**Task prompt:**
Would you transcribe each entry precisely as it stands, setting aside any images?

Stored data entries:
#####

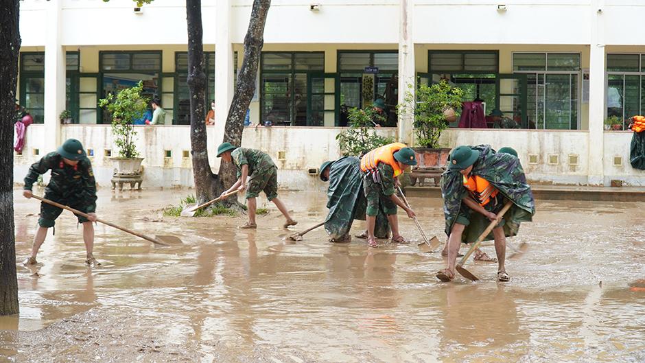 Cán bộ chiến sỹ Trung đoàn 19 giúp Trường TH&THCS Cam Tuyền dọn dẹp sau lụt
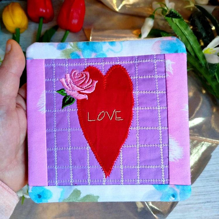 Beautiful love coaster - made completely in the hoop without additional handsewing.
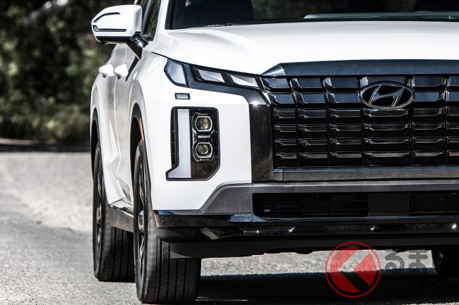 “アルファード風SUV”迫力が進化!? ダーク顔強調の新型「パリセードXRT」世界初公開! 5m級巨体で米国発表
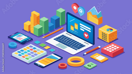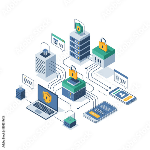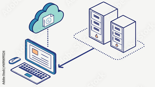 Vývojový diagram technologie Cloud computingu. Vektorové izometrické ilustrace datového centra se serverovými stojany v cloudu spojené s notebookem, stolním počítačem a smartphonem.
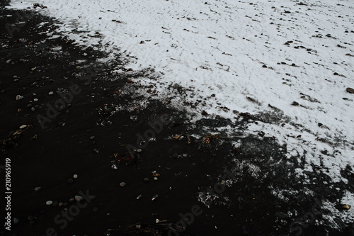 iceland, tour tourism, travel, winter, landscape, beach, nature, sightseeing, volcanic, scenery, topography, tourist attraction, black, sand, basalt, remote, wilderness, season, climate, weather, coast, headland, southeast, seacoast, shoreline, background, contrast, diagonal, igneous, line, snow, white, cold, texture, glacé, full frame, colours, icy, pattern, half, environment, peninsula
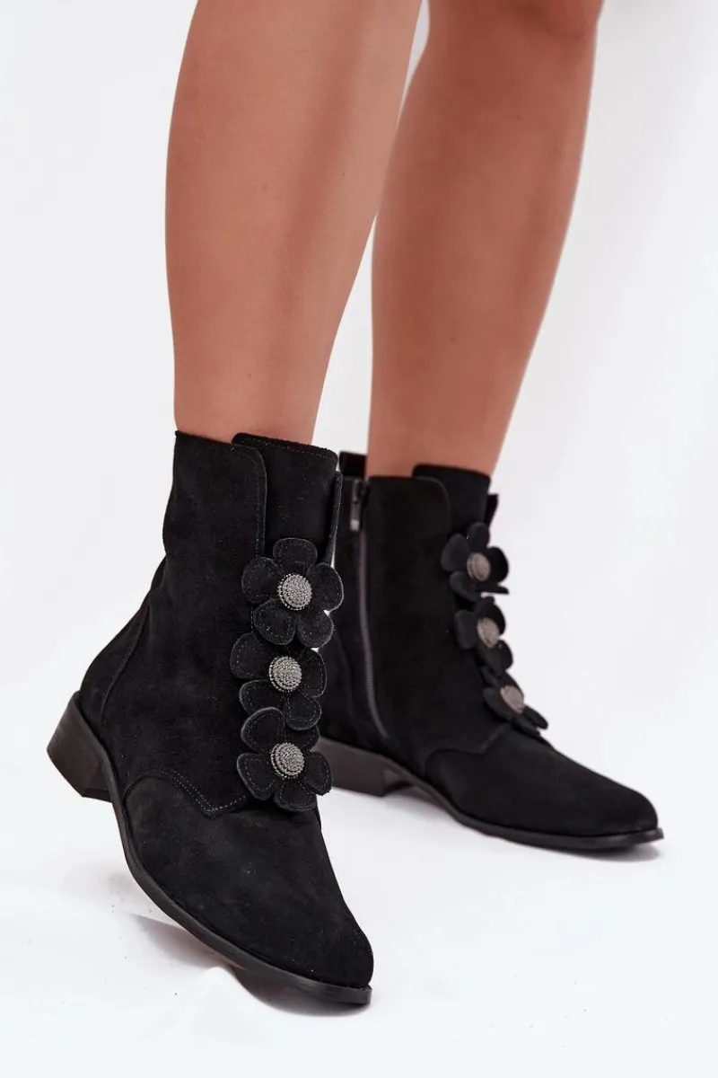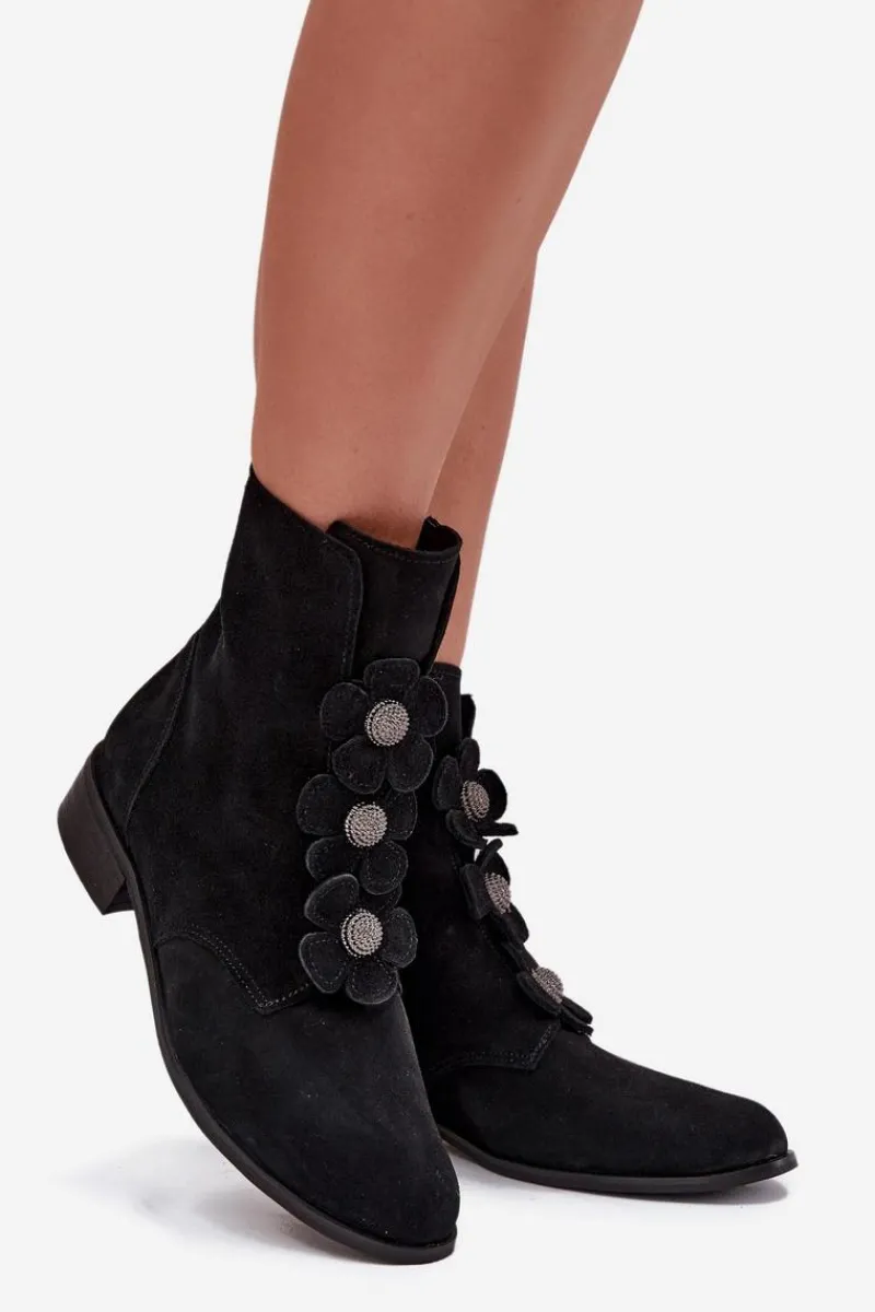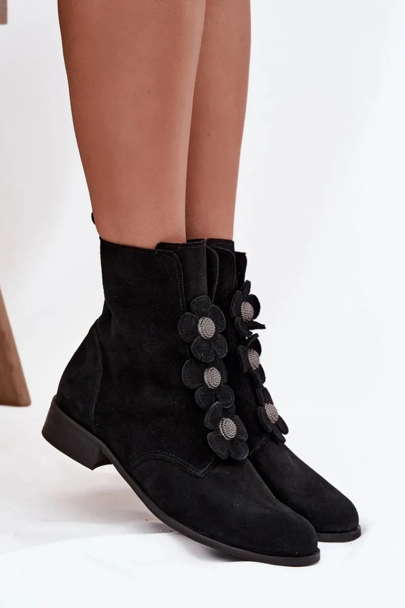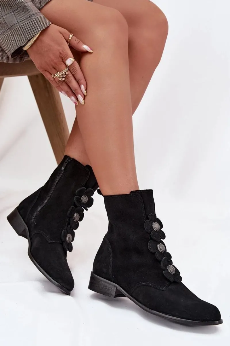 Botki damskie z naturalnego zamszu to doskonały wybór dla kobiet ceniących elegancję i subtelność. Wykonane z wysokiej jakości materiału, oferują nie tylko estetyczny wygląd, ale także komfort noszenia przez cały dzień. Zapinane na zamek błyskawiczny. Przód buta ozdobiony jest pięknymi, urokliwymi kwiatkami, które nadają im niepowtarzalnego, delikatnego charakteru. Dzięki temu stanowią doskonały dodatek do zarówno codziennych, jak i bardziej eleganckich stylizacji. Świetnie komponują się z sukienkami, spódnicami czy spodniami. Przy wyborze rozmiaru prosimy sugerować się tabelą rozmiarów.
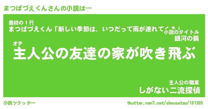 | 男性向けラノベタイトル風あだ名 | 『まつばづえくんの憂鬱』 |
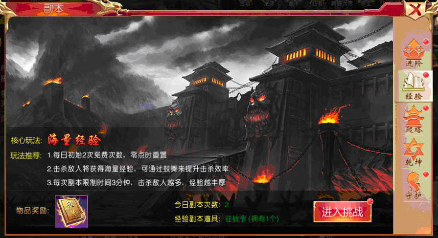 使用副本道具进入挑战可获得大量经验,每次初始两次免费次数,零点重置。
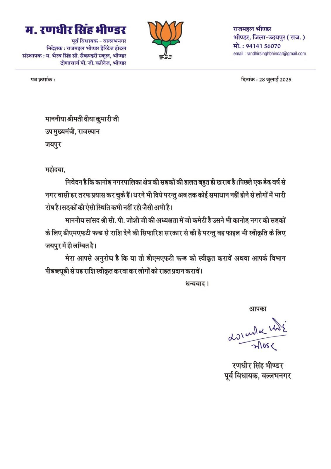24 News Update उदयपुर। वल्लभनगर पूर्व विधायक व भाजपा नेता रणधीर सिंह भीण्डर ने प्रदेश की उपमुख्यमंत्री दीया कुमारी को पत्र लिखकर कानोड़ नगर पालिका में बदहाल हो रही सड़कों को दुरस्त करने के लिए बजट स्वीकृत करने की मांग की। पत्र में बताया कि कानोड़ नगरपालिका क्षेत्र की सड़कों की हालत बहुत ही खराब है। पिछले एक डेढ़ वर्ष से नगर वासी हर तरफ प्रयास कर चुके हैं। धरने भी दिये परन्तु अब तक कोई समाधान नहीं होने से लोगों में भारी रोष है। सड़कों की ऐसी स्थिति कभी नहीं रही जैसी अभी है। सांसद सीपी जोशी की अध्यक्षता में जो कमेटी है उसने भी कानोड़ नगर की सड़कों के लिए डीएमएफटी फन्ड से राशि देने की सिफारिश सरकार से की है परन्तु वह फाइल भी स्वीकृति के लिए जयपुर में ही लम्बित है। इसलिए डीएमएफटी फन्ड को स्वीकृत करावें अथवा पीडब्ल्यूडी विभाग से राशि स्वीकृत करवाकर लोगों को राहत देने का काम करें।
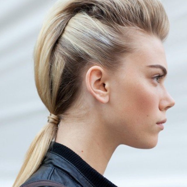 Такой хвост делает бунтарский тип, сохраняя при этом исключительную женственность образа. Вы можете сделать эту прическу на работу, смешав ее с повседневным нарядом.
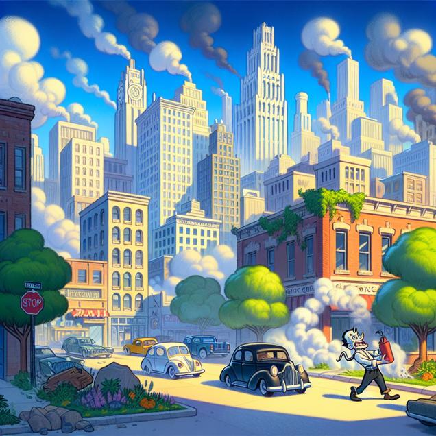 ChatGPT: Create an image that looks like a scene from a Pixar movie. Show a picturesque Quincy, Illinois, with clear blue skies and cleaner air. The city should be depicted as if it's thriving under the absence of smog and haze, with clean streets and vibrant greenery. Meanwhile, showcase a struggling arsonist in another part of the United States, trying to ignite a fire but failing due to the lack of pollution fueling their destructive tendencies. The contrast between the thriving Quincy and the thwarted arsonist should be visually compelling, capturing the impact of cleaner air on both the environment and criminal activities.
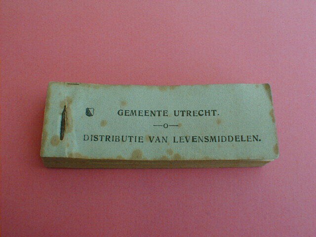Grijs bonboekje uitgegeven door de Gemeente Utrecht Distributie van Levensmiddelen. Op alle bonnen Staat het wapenschild van Utrecht, de letter K en een zwart nummer. Op de achterkant van de boekjes staat het reglement.
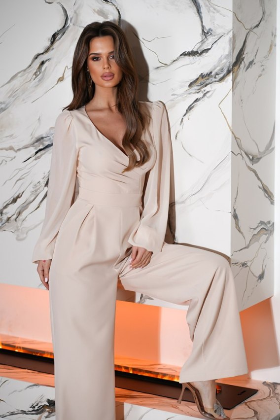 Elegancki kombinezon z długimi rękawami i szerokimi nogawkami. Dekolt przekładany delikatnie eksponuje biust. Model z idealnie skrojoną talią wyszczupla, a nogawki wydłużają sylwetkę. Rękawy szerokie zakończone ozdobnymi guziczkami. Dostępny w eleganckich jesiennych kolorach.
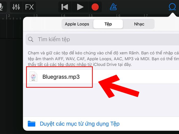 Lưu ý: Nếu bạn đã sao lưu file nhạc trên máy, hãy nhấn vào Tệp. Trong hướng dẫn này, chúng ta sẽ chọn nhạc từ iCloud.
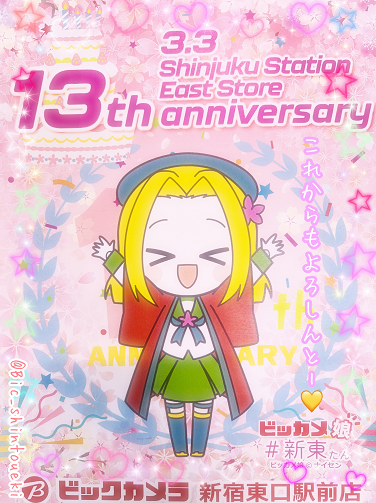 おはしんと~☀ 今日は #ひな祭り 🎎 そして…… #3月3日は新東たんのバースデー 🎂 たくさんの方々のおかげで ビックカメラ新宿東口駅前店は 店舗誕生✨13周年✨を迎える事ができました🌸 いつもありがとうございます💛 新東たんはこれからも ゆる~く つぶやきますので 応援よろしんと~です🥰❣️
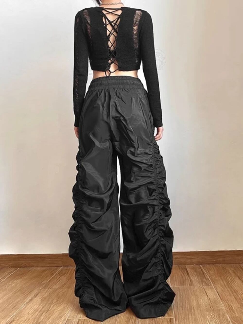 Deeptown-レディースハイウエストパンツ、パンクヴィンテージストリートウェア、アメリカンレトロファッション、ソリッドプリーツルーズワイドレッグロングパンツ、サマー、2024 T240926105738_01
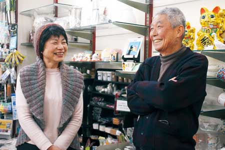 幸一さんが店を継いだ91年ごろは、郊外の大型店が安価な商品を大量に供給し始め、商店街全体の客数は伸び悩んでいた。幸一さんは「対抗策として割り引き販売を導入しました。開店前から客が並び、1日に200~300人が来店することもありました。大型店に資本力で負けても商売の歴史と心意気では負けない」。老舗専門店としての意地が心を支えた。
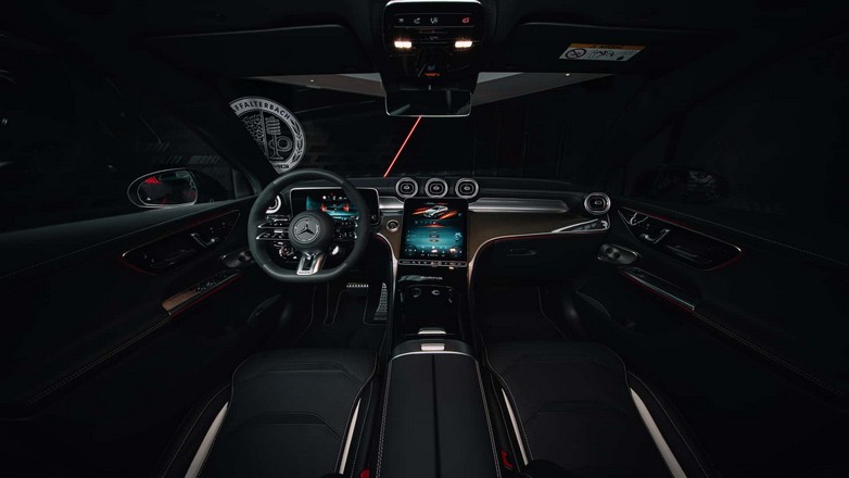 Το εσωτερικό διατηρεί τη γνωστή premium AMG αίσθηση με AMG σπορ καθίσματα, ιδιαίτερο τιμόνι και ψηφιακές οθόνες υψηλής ευκρίνειας, δίνοντας έμφαση στην εμπλοκή του οδηγού και την high-tech εμπειρία.
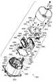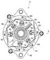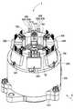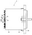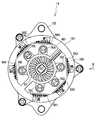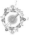 シャフト401が貫通した状態で、チョークコイル52が配置されている(図13)。チョークコイル52はドーナツ状の鉄心にコイル線が巻回されてなる。チョークコイル52のコイル端は、ヒートシンク621の一方の切り欠き部623から径外方向へ引き出されている(図11)。Thechoke coil 52 is disposed with theshaft 401 penetrating (FIG. 13). Thechoke coil 52 is formed by winding a coil wire around a donut-shaped iron core. The coil end of thechoke coil 52 is drawn out from onenotch portion 623 of theheat sink 621 in the radially outward direction (FIG. 11).

#####

**Problem solution:**
 Cán bộ chiến sỹ Trung đoàn 19 giúp Trường TH&THCS Cam Tuyền dọn dẹp sau lụt
 Beautiful love coaster - made completely in the hoop without additional handsewing.
 “アルファード風SUV”迫力が進化!? ダーク顔強調の新型「パリセードXRT」世界初公開! 5m級巨体で米国発表
 Vývojový diagram technologie Cloud computingu. Vektorové izometrické ilustrace datového centra se serverovými stojany v cloudu spojené s notebookem, stolním počítačem a smartphonem.
 iceland, tour tourism, travel, winter, landscape, beach, nature, sightseeing, volcanic, scenery, topography, tourist attraction, black, sand, basalt, remote, wilderness, season, climate, weather, coast, headland, southeast, seacoast, shoreline, background, contrast, diagonal, igneous, line, snow, white, cold, texture, glacé, full frame, colours, icy, pattern, half, environment, peninsula
 Botki damskie z naturalnego zamszu to doskonały wybór dla kobiet ceniących elegancję i subtelność. Wykonane z wysokiej jakości materiału, oferują nie tylko estetyczny wygląd, ale także komfort noszenia przez cały dzień. Zapinane na zamek błyskawiczny. Przód buta ozdobiony jest pięknymi, urokliwymi kwiatkami, które nadają im niepowtarzalnego, delikatnego charakteru. Dzięki temu stanowią doskonały dodatek do zarówno codziennych, jak i bardziej eleganckich stylizacji. Świetnie komponują się z sukienkami, spódnicami czy spodniami. Przy wyborze rozmiaru prosimy sugerować się tabelą rozmiarów.
 | 男性向けラノベタイトル風あだ名 | 『まつばづえくんの憂鬱』 |
 使用副本道具进入挑战可获得大量经验,每次初始两次免费次数,零点重置。
24 News Update उदयपुर। वल्लभनगर पूर्व विधायक व भाजपा नेता रणधीर सिंह भीण्डर ने प्रदेश की उपमुख्यमंत्री दीया कुमारी को पत्र लिखकर कानोड़ नगर पालिका में बदहाल हो रही सड़कों को दुरस्त करने के लिए बजट स्वीकृत करने की मांग की। पत्र में बताया कि कानोड़ नगरपालिका क्षेत्र की सड़कों की हालत बहुत ही खराब है। पिछले एक डेढ़ वर्ष से नगर वासी हर तरफ प्रयास कर चुके हैं। धरने भी दिये परन्तु अब तक कोई समाधान नहीं होने से लोगों में भारी रोष है। सड़कों की ऐसी स्थिति कभी नहीं रही जैसी अभी है। सांसद सीपी जोशी की अध्यक्षता में जो कमेटी है उसने भी कानोड़ नगर की सड़कों के लिए डीएमएफटी फन्ड से राशि देने की सिफारिश सरकार से की है परन्तु वह फाइल भी स्वीकृति के लिए जयपुर में ही लम्बित है। इसलिए डीएमएफटी फन्ड को स्वीकृत करावें अथवा पीडब्ल्यूडी विभाग से राशि स्वीकृत करवाकर लोगों को राहत देने का काम करें।
 Такой хвост делает бунтарский тип, сохраняя при этом исключительную женственность образа. Вы можете сделать эту прическу на работу, смешав ее с повседневным нарядом.
 ChatGPT: Create an image that looks like a scene from a Pixar movie. Show a picturesque Quincy, Illinois, with clear blue skies and cleaner air. The city should be depicted as if it's thriving under the absence of smog and haze, with clean streets and vibrant greenery. Meanwhile, showcase a struggling arsonist in another part of the United States, trying to ignite a fire but failing due to the lack of pollution fueling their destructive tendencies. The contrast between the thriving Quincy and the thwarted arsonist should be visually compelling, capturing the impact of cleaner air on both the environment and criminal activities.
Grijs bonboekje uitgegeven door de Gemeente Utrecht Distributie van Levensmiddelen. Op alle bonnen Staat het wapenschild van Utrecht, de letter K en een zwart nummer. Op de achterkant van de boekjes staat het reglement.
 Elegancki kombinezon z długimi rękawami i szerokimi nogawkami. Dekolt przekładany delikatnie eksponuje biust. Model z idealnie skrojoną talią wyszczupla, a nogawki wydłużają sylwetkę. Rękawy szerokie zakończone ozdobnymi guziczkami. Dostępny w eleganckich jesiennych kolorach.
 Lưu ý: Nếu bạn đã sao lưu file nhạc trên máy, hãy nhấn vào Tệp. Trong hướng dẫn này, chúng ta sẽ chọn nhạc từ iCloud.
 おはしんと~☀ 今日は #ひな祭り 🎎 そして…… #3月3日は新東たんのバースデー 🎂 たくさんの方々のおかげで ビックカメラ新宿東口駅前店は 店舗誕生✨13周年✨を迎える事ができました🌸 いつもありがとうございます💛 新東たんはこれからも ゆる~く つぶやきますので 応援よろしんと~です🥰❣️
 Deeptown-レディースハイウエストパンツ、パンクヴィンテージストリートウェア、アメリカンレトロファッション、ソリッドプリーツルーズワイドレッグロングパンツ、サマー、2024 T240926105738_01
 幸一さんが店を継いだ91年ごろは、郊外の大型店が安価な商品を大量に供給し始め、商店街全体の客数は伸び悩んでいた。幸一さんは「対抗策として割り引き販売を導入しました。開店前から客が並び、1日に200~300人が来店することもありました。大型店に資本力で負けても商売の歴史と心意気では負けない」。老舗専門店としての意地が心を支えた。
 Το εσωτερικό διατηρεί τη γνωστή premium AMG αίσθηση με AMG σπορ καθίσματα, ιδιαίτερο τιμόνι και ψηφιακές οθόνες υψηλής ευκρίνειας, δίνοντας έμφαση στην εμπλοκή του οδηγού και την high-tech εμπειρία.
 シャフト401が貫通した状態で、チョークコイル52が配置されている(図13)。チョークコイル52はドーナツ状の鉄心にコイル線が巻回されてなる。チョークコイル52のコイル端は、ヒートシンク621の一方の切り欠き部623から径外方向へ引き出されている(図11)。Thechoke coil 52 is disposed with theshaft 401 penetrating (FIG. 13). Thechoke coil 52 is formed by winding a coil wire around a donut-shaped iron core. The coil end of thechoke coil 52 is drawn out from onenotch portion 623 of theheat sink 621 in the radially outward direction (FIG. 11).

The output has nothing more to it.